SUPPLIED DATA Start Marker

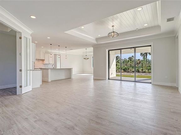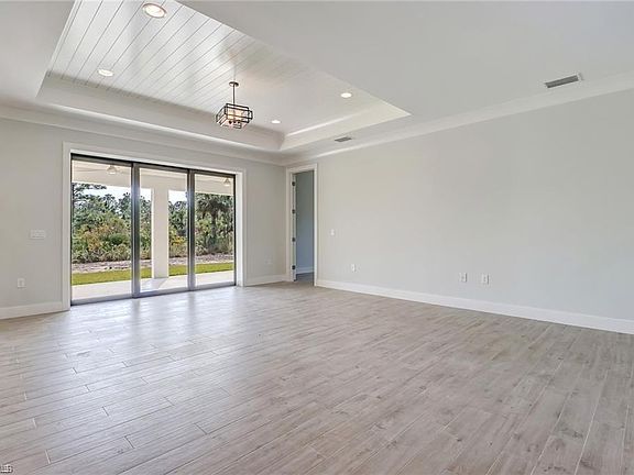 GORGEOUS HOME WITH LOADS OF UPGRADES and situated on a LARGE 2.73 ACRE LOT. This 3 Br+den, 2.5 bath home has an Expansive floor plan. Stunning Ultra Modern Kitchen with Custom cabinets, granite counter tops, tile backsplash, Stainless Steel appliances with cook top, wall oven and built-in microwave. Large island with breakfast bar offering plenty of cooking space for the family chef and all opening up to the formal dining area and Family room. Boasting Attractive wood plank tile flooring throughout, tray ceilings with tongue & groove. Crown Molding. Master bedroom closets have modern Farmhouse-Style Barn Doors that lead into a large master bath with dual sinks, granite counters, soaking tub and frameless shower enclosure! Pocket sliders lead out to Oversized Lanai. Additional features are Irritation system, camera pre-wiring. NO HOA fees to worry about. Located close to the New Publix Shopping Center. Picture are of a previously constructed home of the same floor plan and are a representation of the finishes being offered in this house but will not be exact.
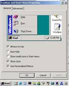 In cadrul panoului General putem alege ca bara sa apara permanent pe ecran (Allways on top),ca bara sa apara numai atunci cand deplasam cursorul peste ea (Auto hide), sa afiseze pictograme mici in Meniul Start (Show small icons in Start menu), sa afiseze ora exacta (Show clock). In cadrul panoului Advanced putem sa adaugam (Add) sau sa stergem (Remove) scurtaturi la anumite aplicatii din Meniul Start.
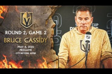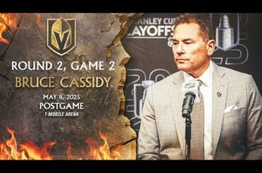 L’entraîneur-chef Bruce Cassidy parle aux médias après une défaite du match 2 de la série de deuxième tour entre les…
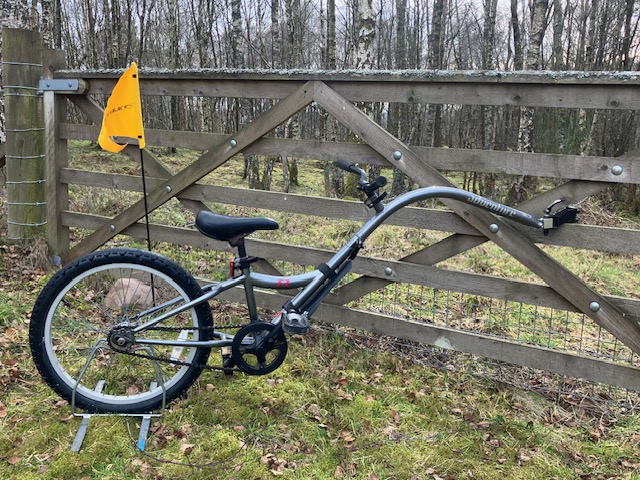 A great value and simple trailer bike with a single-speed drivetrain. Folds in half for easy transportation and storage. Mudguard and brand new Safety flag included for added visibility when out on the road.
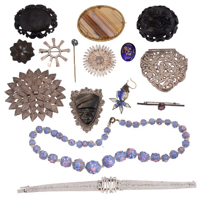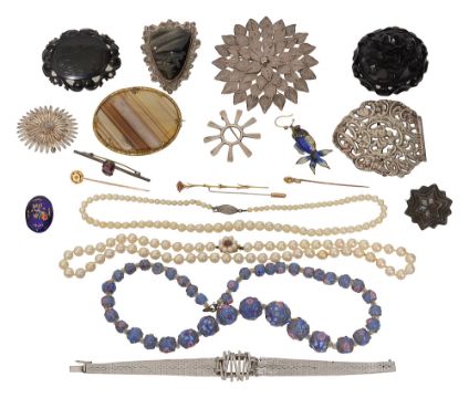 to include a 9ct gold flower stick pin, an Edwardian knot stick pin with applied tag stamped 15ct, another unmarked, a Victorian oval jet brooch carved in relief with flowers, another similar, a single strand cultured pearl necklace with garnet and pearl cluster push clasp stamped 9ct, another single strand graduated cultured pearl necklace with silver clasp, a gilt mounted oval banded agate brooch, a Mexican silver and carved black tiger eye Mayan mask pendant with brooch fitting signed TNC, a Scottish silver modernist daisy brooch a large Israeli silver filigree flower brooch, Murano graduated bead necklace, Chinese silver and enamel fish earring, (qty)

SUPPLIED DATA End Marker

# EXERCISE REQUIREMENTS:
Every line above should be duplicated exactly; the pictures are to be left out.

# REPLY:
 GORGEOUS HOME WITH LOADS OF UPGRADES and situated on a LARGE 2.73 ACRE LOT. This 3 Br+den, 2.5 bath home has an Expansive floor plan. Stunning Ultra Modern Kitchen with Custom cabinets, granite counter tops, tile backsplash, Stainless Steel appliances with cook top, wall oven and built-in microwave. Large island with breakfast bar offering plenty of cooking space for the family chef and all opening up to the formal dining area and Family room. Boasting Attractive wood plank tile flooring throughout, tray ceilings with tongue & groove. Crown Molding. Master bedroom closets have modern Farmhouse-Style Barn Doors that lead into a large master bath with dual sinks, granite counters, soaking tub and frameless shower enclosure! Pocket sliders lead out to Oversized Lanai. Additional features are Irritation system, camera pre-wiring. NO HOA fees to worry about. Located close to the New Publix Shopping Center. Picture are of a previously constructed home of the same floor plan and are a representation of the finishes being offered in this house but will not be exact.
 In cadrul panoului General putem alege ca bara sa apara permanent pe ecran (Allways on top),ca bara sa apara numai atunci cand deplasam cursorul peste ea (Auto hide), sa afiseze pictograme mici in Meniul Start (Show small icons in Start menu), sa afiseze ora exacta (Show clock). In cadrul panoului Advanced putem sa adaugam (Add) sau sa stergem (Remove) scurtaturi la anumite aplicatii din Meniul Start.
 L’entraîneur-chef Bruce Cassidy parle aux médias après une défaite du match 2 de la série de deuxième tour entre les…
 A great value and simple trailer bike with a single-speed drivetrain. Folds in half for easy transportation and storage. Mudguard and brand new Safety flag included for added visibility when out on the road.
 to include a 9ct gold flower stick pin, an Edwardian knot stick pin with applied tag stamped 15ct, another unmarked, a Victorian oval jet brooch carved in relief with flowers, another similar, a single strand cultured pearl necklace with garnet and pearl cluster push clasp stamped 9ct, another single strand graduated cultured pearl necklace with silver clasp, a gilt mounted oval banded agate brooch, a Mexican silver and carved black tiger eye Mayan mask pendant with brooch fitting signed TNC, a Scottish silver modernist daisy brooch a large Israeli silver filigree flower brooch, Murano graduated bead necklace, Chinese silver and enamel fish earring, (qty)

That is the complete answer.